Our study has several limitations. First, we used an anchor-based method to determine the MCID, which is open to criticism [14]. The rating scale based on four possible answers for our anchor question is arbitrary. The anchor question may be affected by recall bias [30]. It relies on the validity and reliability of the chosen anchor question [3, 27]. It does not take into account the variation with the sample nor the measurement precision of the instrument [16]. Nevertheless, strong correlation and association were found between patient-perceived improvements and PRWE and DASH score changes, which supports validity of the chosen anchor question in our study. In addition, we measured minimal detectable changes (distribution-based MCID) to overcome the limitations of anchor-based MCIDs. Second, we used only region-specific outcome measures and we did not use a generic health-related quality-of-life instrument to assess mental or general health. Further studies, including a generic health-related quality-of-life instrument, would provide more information for comparison of outcome measures after treatment for ulnar impaction syndrome. Finally, although idiopathic ulnar impaction syndrome is often bilateral, we assessed grip strength and wrist ROM in a manner of percentage comparing both wrists despite having no detailed information for the contralateral wrist.

This study showed that the PRWE and DASH have a large effect size (more than 0.8) and that the PRWE is more sensitive than the DASH for detecting clinical change following ulnar shortening osteotomy for idiopathic ulnar impaction syndrome. Although grip strength and wrist extension and pronation were substantially improved after surgery, the extent of these changes was only small to moderate. In fact, wrist flexion and supination were not substantially improved after surgery. These findings are consistent with those of previous studies [19, 25]. Kitzinger et al. [19] reported that the DASH and grip strength improved but that wrist ROM was unchanged after ulnar shortening osteotomy for ulnar impaction syndrome, whereas Moermans et al. [25] found that the DASH and wrist ROM were improved but grip strength was unchanged. These inconsistencies between reports are presumably the result of the minor improvements observed in terms of grip strength and wrist ROMs after surgery. Our study also showed that mean preoperative wrist ROM was approximately 90% of the contralateral side and mean grip strength was approximately 81%, which left little scope for improvement.

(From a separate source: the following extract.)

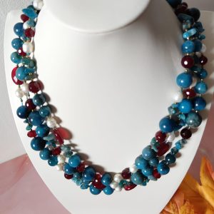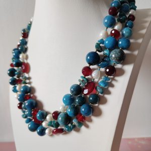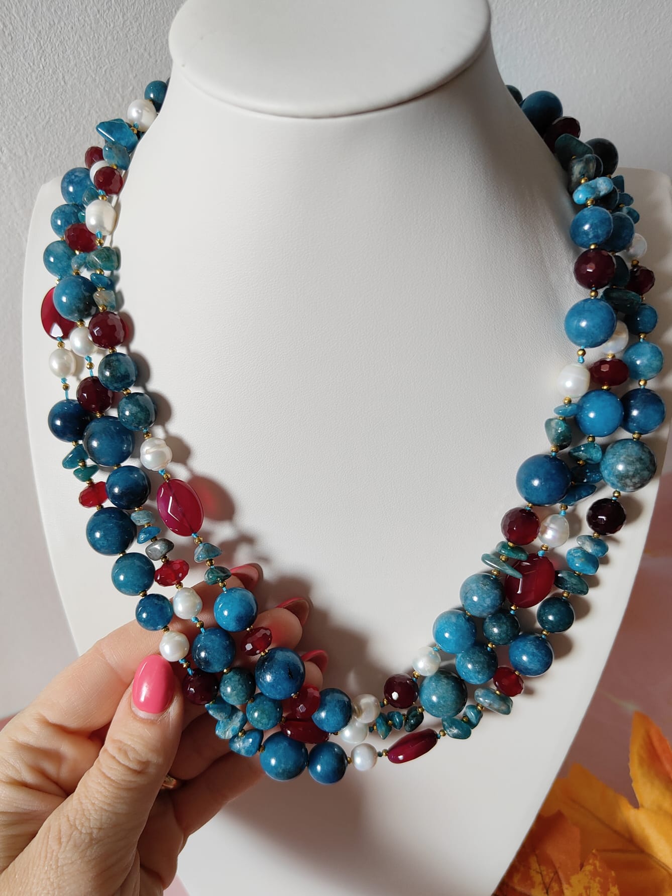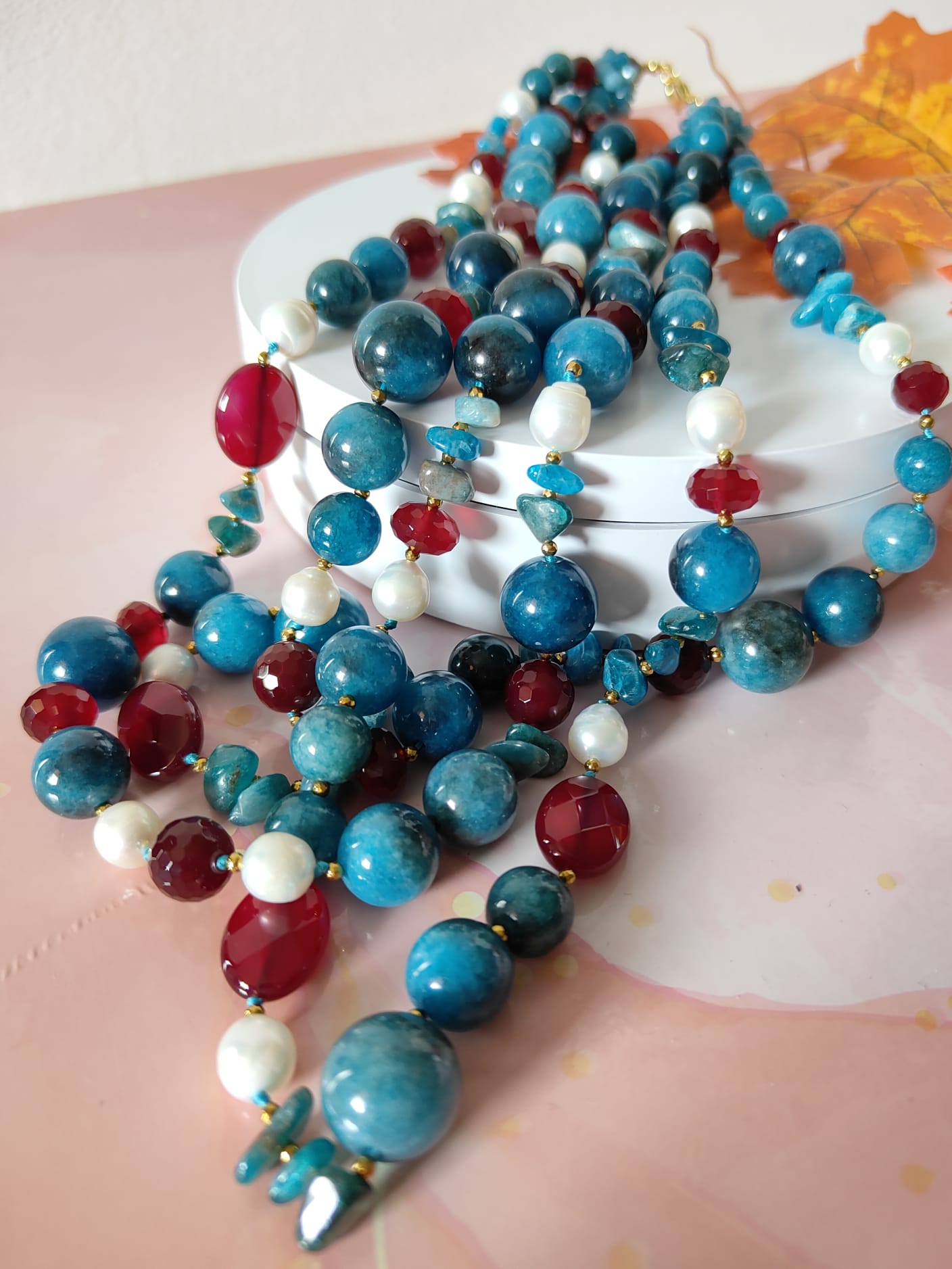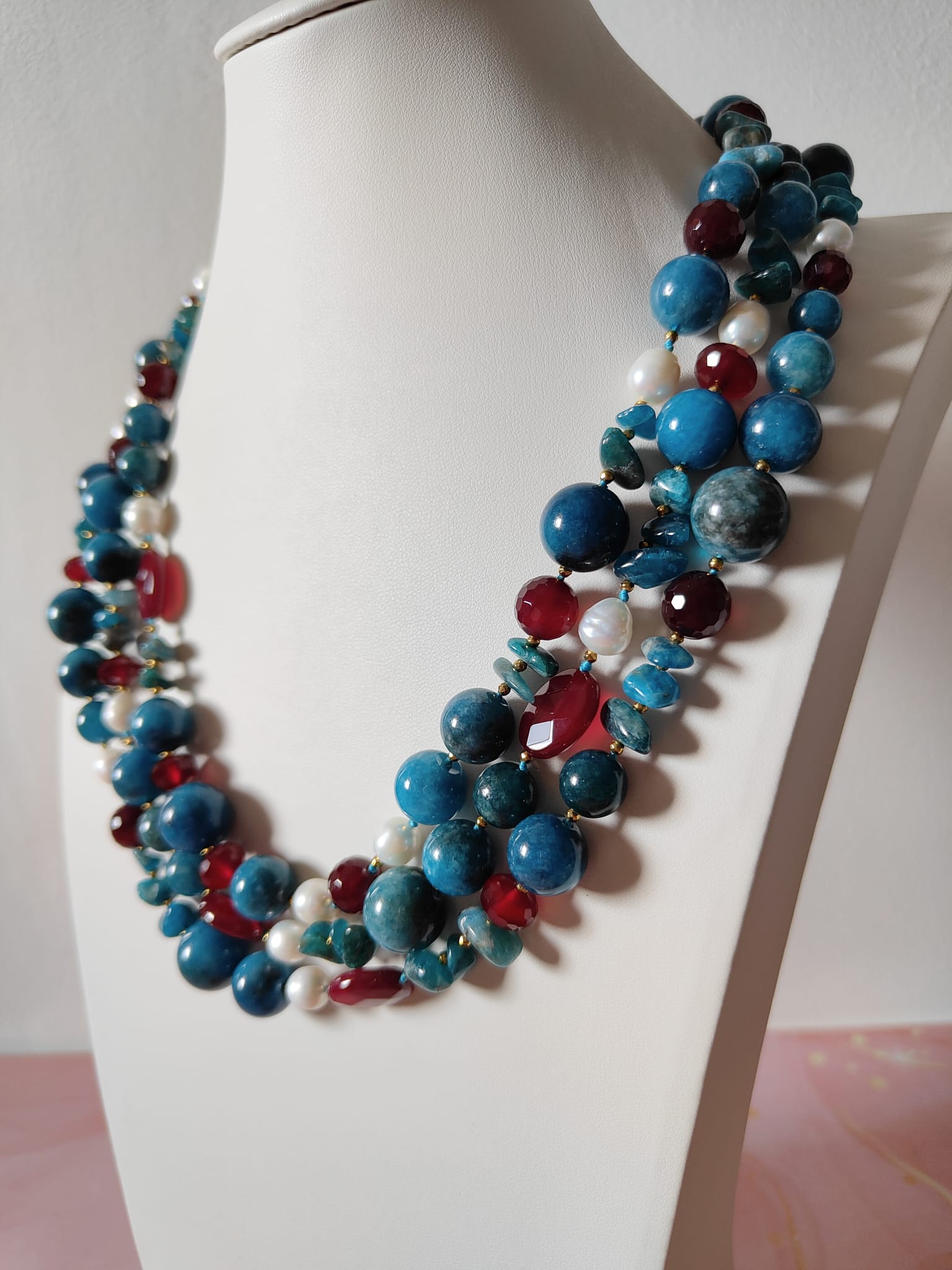 La collana apatite e agata è una creazione artigianale pensata per chi ama gioielli d’impatto, capaci di fondere la forza delle pietre naturali con la delicatezza delle perle. La sua struttura multifilo, arricchita da un’armonia di colori, avvolge il collo con eleganza e personalità, trasformando ogni outfit in un’espressione di stile unico.

The DASH is a patient-reported questionnaire that was designed to quantify the outcomes of upper extremity-specific injury or disease. In two studies, DASH scores were used as outcome measures after ulnar shortening osteotomy for ulnar impaction syndrome [19, 25]. The PRWE system was designed to quantify the outcomes of wrist-specific injuries or disease and has been widely used as an outcome measure for distal radius fractures [1, 12]. The majority of items (70%, 21 of 30 items) in the DASH concern functional disabilities and only six of the 30 (20%) address symptoms of the hand, arm, or shoulder. However, the PRWE scoring system allocates 50 of 100 points (50%) to wrist pain and the other 50 points to functional disabilities. Thus, our finding that the PRWE is a somewhat more sensitive tool in detecting clinical changes than the DASH probably reflects that the main problem of ulnar impaction syndrome is wrist pain rather than functional disability. However, to the best of our knowledge, the PRWE has rarely been used to assess the outcome of diseases related to the distal radioulnar joint such as ulnar impaction syndrome. Therefore, we recommend the evaluation of not only the DASH questionnaire but also the PRWE questionnaire in assessing the clinical status of distal radioulnar joint problems including ulnar impaction syndrome.